"" The girl who makes things: Some unselfish sewing

Sunday, 9 August 2015

Some unselfish sewing

Hey folks, how's it going? I'm grand, I'm back in the UK (in Yorkshire to be precise) and enjoying some respite from the hot Portuguese weather. Ha, I'm joking. Seriously, what has happened to the UK summer? Ah well, I'm here until the end of August so lets hope that the sun comes back soon!

It's been a busy few weeks for me since I got back. I had a lot of catching up to do with family and friends, as well as getting back into teaching after a couple of weeks break. Not much time for blogging which is why there's been a little bit of radio silence in these parts. My apologies.

I have had enough time for sewing though. One of the bonuses of coming back to the UK is being reunited with my old sewing machine and overlocker, which my parents have been habouring at their house. As soon as I arrived, I was keen to get stuck into a new project, which luckily didn't take much time.

My Mum is a vicar. When she's not wearing a cassock on Sundays she's usually wearing a clerical shirt out and about. For ages she's lamented about the state of women's clerical shirts. Her main complaints are that they a) fit badly and b) are made from scratchy, sweaty fabric. Essentially they are men's shirts made in a slightly smaller size. So when I started dusting off my old sewing machine, threading up my overlocker and thinking aloud about what to sew, she asked me whether I could make her a shirt. And I said yes.

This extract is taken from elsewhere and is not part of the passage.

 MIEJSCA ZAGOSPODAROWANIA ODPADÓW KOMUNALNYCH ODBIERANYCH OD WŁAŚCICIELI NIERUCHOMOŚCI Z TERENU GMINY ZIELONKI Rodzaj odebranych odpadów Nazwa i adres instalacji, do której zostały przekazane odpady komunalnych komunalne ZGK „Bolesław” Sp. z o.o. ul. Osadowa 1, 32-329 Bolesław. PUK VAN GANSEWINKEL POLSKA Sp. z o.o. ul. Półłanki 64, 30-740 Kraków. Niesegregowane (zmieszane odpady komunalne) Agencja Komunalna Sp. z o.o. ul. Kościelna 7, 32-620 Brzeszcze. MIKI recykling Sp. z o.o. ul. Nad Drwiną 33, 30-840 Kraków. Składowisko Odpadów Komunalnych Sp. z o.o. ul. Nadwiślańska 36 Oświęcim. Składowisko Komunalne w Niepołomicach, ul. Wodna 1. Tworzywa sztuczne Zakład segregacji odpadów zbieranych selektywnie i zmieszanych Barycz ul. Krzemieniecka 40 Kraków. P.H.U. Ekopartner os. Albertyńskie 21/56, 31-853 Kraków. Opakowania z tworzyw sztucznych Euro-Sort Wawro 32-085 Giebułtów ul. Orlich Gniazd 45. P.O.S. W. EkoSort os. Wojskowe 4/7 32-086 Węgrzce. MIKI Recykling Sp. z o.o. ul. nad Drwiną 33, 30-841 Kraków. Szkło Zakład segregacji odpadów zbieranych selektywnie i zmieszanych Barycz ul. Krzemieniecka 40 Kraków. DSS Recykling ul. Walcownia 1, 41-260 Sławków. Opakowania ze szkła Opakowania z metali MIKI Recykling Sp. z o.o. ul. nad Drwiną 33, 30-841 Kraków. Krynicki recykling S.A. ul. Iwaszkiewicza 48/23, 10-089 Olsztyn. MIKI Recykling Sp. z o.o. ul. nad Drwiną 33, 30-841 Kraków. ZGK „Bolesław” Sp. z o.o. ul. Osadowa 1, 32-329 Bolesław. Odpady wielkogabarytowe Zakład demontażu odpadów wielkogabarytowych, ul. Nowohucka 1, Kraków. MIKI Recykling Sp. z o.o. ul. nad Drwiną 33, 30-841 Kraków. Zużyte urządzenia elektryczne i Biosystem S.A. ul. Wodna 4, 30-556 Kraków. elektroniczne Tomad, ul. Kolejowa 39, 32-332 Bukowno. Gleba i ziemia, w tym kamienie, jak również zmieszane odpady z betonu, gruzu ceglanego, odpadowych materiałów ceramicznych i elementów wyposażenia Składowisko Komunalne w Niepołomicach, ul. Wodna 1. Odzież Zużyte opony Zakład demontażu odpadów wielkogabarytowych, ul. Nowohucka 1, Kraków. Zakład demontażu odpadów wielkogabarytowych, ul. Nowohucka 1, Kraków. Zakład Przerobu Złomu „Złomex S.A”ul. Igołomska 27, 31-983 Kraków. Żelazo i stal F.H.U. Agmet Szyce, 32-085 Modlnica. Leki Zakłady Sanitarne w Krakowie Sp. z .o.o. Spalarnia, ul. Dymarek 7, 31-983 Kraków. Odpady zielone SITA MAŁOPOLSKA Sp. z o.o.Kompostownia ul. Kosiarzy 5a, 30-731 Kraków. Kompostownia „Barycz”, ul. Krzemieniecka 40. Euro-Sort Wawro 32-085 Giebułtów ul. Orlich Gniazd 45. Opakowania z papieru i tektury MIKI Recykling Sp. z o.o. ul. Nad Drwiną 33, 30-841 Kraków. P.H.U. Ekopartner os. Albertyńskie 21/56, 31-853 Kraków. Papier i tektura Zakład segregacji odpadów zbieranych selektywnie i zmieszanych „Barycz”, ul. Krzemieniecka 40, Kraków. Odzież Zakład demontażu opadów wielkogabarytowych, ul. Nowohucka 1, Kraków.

I'm sure I've mentioned this before, but I absolutely love making shirts. I love the technicality of them. Have you ever made a perfectly pointed collar? Or matched up the collar stand and button placket precisely? Best. Thing. Ever.


We started searching for clerical shirt patterns in the Simplicity catalogue but didn't find anything, not even in the costume part, so in the end we found a shirt pattern which my Mum liked. Her main criteria was some kind of fitting feature such as princess seams to add some shape to the shirt. We bought Simplicity 2447 and I adapted the collar stand so that it could accommodate a dog collar.

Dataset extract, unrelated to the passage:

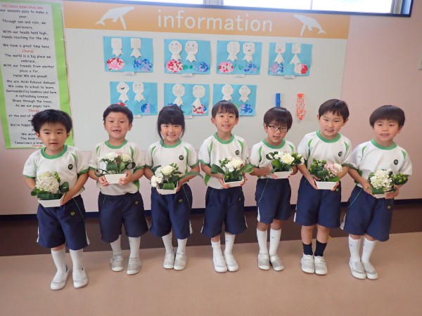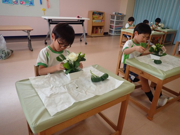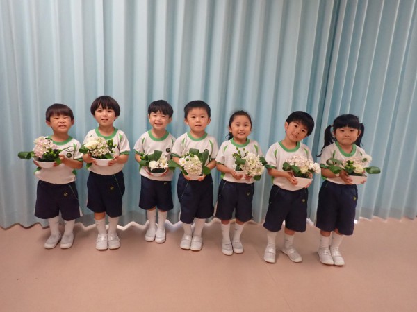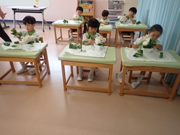 It is a rainy season and Hydrangea was carefully chosen as the main flower for June. The theme for the flower was “Family and Harmony”. When children saw the flowers they were excited and filled with joy. We also used gerbera, rose, carnation (all white), hypericum, and dracaena to complement the hydrangea. Children cut and arranged the flowers beautifully into their flower pots with joy.

The fabric came from the Remnant House, an end of line fabric shop in Harrogate. My Mum was instantly drawn to the tye-dye cottons (she's not a grey vicar type) and chose this bluey turquoise combo. It's a super soft cotton, very stable and easy to work with. Plus the dye didn't fade in the wash.


I made the shirt in about half a day. It came together very easily and I didn't make any fit adjustments. I overlocked all the inside seams and finished the hem with some bias binding. There's only one change we'd make to the pattern if we used it again: eliminate the back pleat which makes the shirt a little too baggy.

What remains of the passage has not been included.